The current specification of the collection service provides the following information:

The last item, query routing, is fundamental to the Dienst definition of collection in a distributed digital library.  The notion of physical collocation, which is the basis of collection definition in pre-digital libraries, doesn't apply in the context of distributed digital artifacts.  In contrast, the Dienst architecture defines a collection as a predicate on services and resources, and views a resource to be in a digital library collection if it can be directly discovered using the resource discovery tools of the digital library.  Using this collection definition, a definition of a "computer science" collection might include the set of index servers to which queries should be routed and the set of attributes that should be associated with those queries that would limit their result set to items "in" the computer science collection (those attributes might differ for each index server).  This query routing and query filtering is but one aspect of collection definition - future enhancements to the Dienst architecture might include other collection specific functionality such as thesauri and stop word lists (all of which enhance collection specific resource discovery functionality).  

The following figure illustrates the current use of the collection service in the Dienst architecture.  As shown the query mediator service uses information from the collection service to route queries to the appropriate index services (where appropriate is a function of the characteristics of the query).

Regions

The growth of NCSTRL, especially outside the United States, raised reliability and performance problems due to connectivity characteristics of the global Internet.  To obtain good performance, Dienst defines a set of connectivity regions, which are sets of servers (network nodes) with relatively good mutual network connectivity.  Indexing information from servers outside the region is replicated onto servers within the region.  Regional query routing is implemented by collection views, collection metadata customized for a specific regions, and regional collection servers, which distribute a collection view for their respective region.  Each user interface service is then assigned, at configuration time, to a regional collection server so that its queries are routed within the connectivity region.

The following figure illustrates the functionality of connectivity regions.  In the example, the user interface server in region R1 "believes" that the primary source for indexing information on partition 1 of the collection is at the index server labeled I1.   On the other hand, the user interface server in region R2 "believes" that the primary source for that information is at the index server labeled I1,2.  In other words the collection view, the meta-information about the contents of the collection, of the R1 user interface differs from that of the R2 user interface. 

References

Predicting Indexer Performance in a Distributed Digital Library, Cornell University Technical Report and draft of submission to European Digital Library Conference, May 1999.

Using Query Mediators for Distributed Searching in Federated Digital Libraries, Draft of submission to ACM DL'99, August 1999.

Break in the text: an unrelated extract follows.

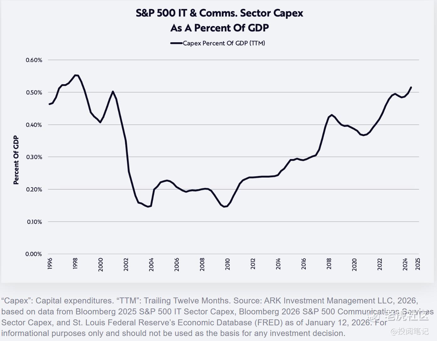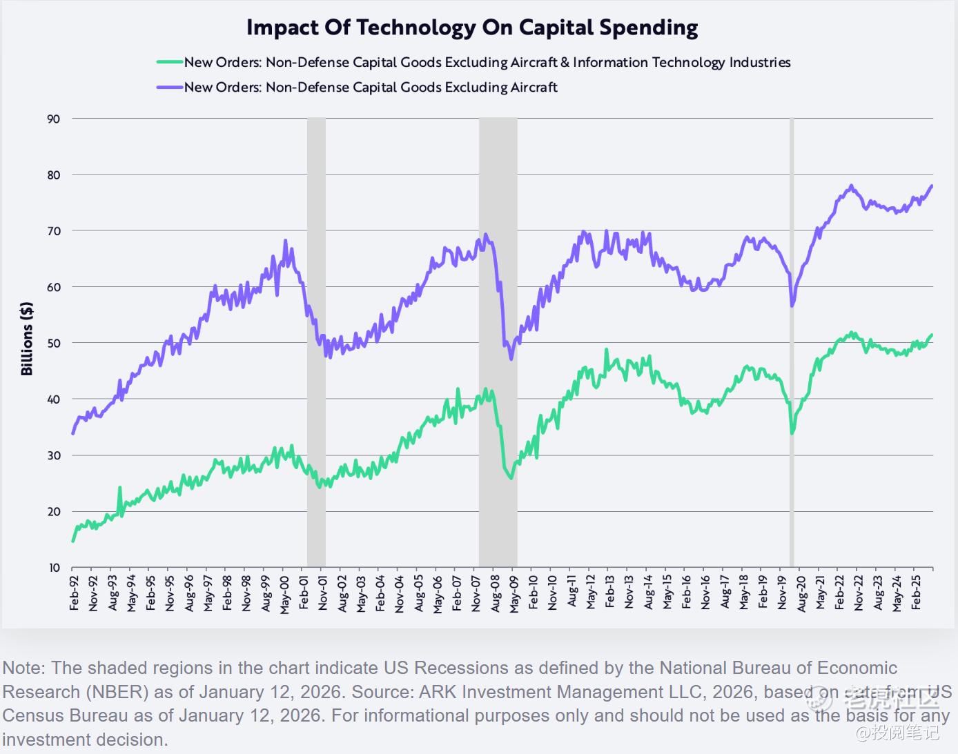 与此同时,以非国防资本货物(不含飞机)衡量的资本支出在2022年中期达到峰值,无论是否包含技术领域,该指标目前均已回落至该水平。事实上,自科技和电信泡沫破灭以来,这项资本支出指标在二十余年间始终难以突破,直至2021年新冠疫情引发的供应冲击迫使数字与实体投资同步加速。曾经的支出上限如今似乎已转化为支出下限——人工智能、机器人技术、能源存储、区块链技术及多组学测序平台均已蓄势待发。经历九十年代科技泡沫后的二十年平台期(峰值约700亿美元),当前正酝酿着史上最强大的资本支出周期(见下图)。我们认为,人工智能泡沫尚需数年才会形成!

A Characterization Study of NCSTRL Distributed Searching, Cornell University Technical Report, January, 1999

Defining Collections in Distributed Digitial Libraries, D-Lib Magazine, November 1998.

NCSTRL: Design and Deployment of a Globally Distributed Digital Library, Draft of submission to Journal of the Society of Information Scientists (JASIS) 1999.

Making Global Digital Libraries Work:  Collection Services, Connectivity Regions, and Collection Views.  ACM DL'98, June 1998.

The Networked Computer Science Technical Reports Library. Cornell Computer Science Technical Report, July 1996.

Dienst: Building a Production Technical Report Server. Chapter 15 in Advances in Digital Libraries, Springer Verlag 1995.

Dienst: implementation reference manual. Cornell Computer Science Technical Report, May 1995.

Dienst - An Architecture for Distributed Document Libraries. Communications of the ACM, April 1995, Vol 38 No 4 page 47.

"Drop-in" publishing with the World Wide Web. 2nd Int'l WWW Conference 1994.

A protocol and server for a distributed technical report library. Cornell Computer Science Technical Report, June 1994.